Materials provided
□ □ □ □ □ □ □
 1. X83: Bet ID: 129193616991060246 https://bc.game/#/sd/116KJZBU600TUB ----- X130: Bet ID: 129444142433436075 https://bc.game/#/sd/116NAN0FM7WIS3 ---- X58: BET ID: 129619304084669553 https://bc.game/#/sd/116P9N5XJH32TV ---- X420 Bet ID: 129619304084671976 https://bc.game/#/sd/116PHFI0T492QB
□ □ □ □ □ □ □
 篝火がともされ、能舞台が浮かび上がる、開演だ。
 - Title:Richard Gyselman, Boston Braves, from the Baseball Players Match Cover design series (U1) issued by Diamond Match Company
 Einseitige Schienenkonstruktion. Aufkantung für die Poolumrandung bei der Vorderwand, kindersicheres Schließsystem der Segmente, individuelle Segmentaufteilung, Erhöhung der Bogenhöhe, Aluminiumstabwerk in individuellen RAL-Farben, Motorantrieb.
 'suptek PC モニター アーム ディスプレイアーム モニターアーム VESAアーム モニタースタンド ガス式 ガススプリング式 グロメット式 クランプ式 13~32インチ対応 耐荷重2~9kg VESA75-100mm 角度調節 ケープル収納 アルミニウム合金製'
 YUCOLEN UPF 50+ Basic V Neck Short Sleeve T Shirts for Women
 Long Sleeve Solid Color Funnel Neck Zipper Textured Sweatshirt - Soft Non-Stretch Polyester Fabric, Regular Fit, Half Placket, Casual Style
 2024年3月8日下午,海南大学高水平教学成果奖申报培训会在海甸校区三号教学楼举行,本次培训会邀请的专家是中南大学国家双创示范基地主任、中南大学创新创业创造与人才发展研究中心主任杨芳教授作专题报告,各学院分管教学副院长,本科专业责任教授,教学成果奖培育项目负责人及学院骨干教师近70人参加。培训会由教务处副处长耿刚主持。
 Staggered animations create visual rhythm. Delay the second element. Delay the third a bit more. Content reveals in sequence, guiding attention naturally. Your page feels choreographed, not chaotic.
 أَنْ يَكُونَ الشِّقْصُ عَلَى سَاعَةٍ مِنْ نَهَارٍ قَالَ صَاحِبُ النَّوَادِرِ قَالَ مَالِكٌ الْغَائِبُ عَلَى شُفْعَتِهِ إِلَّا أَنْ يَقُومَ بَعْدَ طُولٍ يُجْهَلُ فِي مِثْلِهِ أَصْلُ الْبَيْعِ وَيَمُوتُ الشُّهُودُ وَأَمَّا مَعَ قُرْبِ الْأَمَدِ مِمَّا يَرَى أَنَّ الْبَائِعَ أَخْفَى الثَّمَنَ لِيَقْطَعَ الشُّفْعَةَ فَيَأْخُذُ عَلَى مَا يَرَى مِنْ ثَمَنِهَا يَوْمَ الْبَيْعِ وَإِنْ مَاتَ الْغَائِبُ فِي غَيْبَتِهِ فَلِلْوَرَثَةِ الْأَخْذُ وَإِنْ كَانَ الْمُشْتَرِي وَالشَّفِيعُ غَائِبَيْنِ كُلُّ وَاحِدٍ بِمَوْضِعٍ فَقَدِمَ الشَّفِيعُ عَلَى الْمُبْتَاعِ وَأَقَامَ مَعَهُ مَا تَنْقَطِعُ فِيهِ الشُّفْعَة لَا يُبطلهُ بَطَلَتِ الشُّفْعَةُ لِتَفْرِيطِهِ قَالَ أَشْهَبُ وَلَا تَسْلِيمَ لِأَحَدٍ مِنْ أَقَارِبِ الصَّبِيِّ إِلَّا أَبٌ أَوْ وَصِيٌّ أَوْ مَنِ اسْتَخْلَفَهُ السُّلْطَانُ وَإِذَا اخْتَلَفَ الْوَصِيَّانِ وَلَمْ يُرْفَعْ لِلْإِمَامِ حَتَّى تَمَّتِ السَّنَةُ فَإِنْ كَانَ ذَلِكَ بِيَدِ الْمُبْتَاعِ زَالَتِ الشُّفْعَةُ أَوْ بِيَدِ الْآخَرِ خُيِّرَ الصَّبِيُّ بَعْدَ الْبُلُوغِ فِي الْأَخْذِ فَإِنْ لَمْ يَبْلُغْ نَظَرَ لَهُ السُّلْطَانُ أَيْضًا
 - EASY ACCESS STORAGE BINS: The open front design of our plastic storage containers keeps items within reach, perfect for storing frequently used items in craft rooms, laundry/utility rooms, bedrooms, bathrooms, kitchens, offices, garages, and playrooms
□ □ □ □ □ □ □
Exercise objective
Look through the listing and return each line containing the word "Neck".

Output below
 YUCOLEN UPF 50+ Basic V Neck Short Sleeve T Shirts for Women
 Long Sleeve Solid Color Funnel Neck Zipper Textured Sweatshirt - Soft Non-Stretch Polyester Fabric, Regular Fit, Half Placket, Casual Style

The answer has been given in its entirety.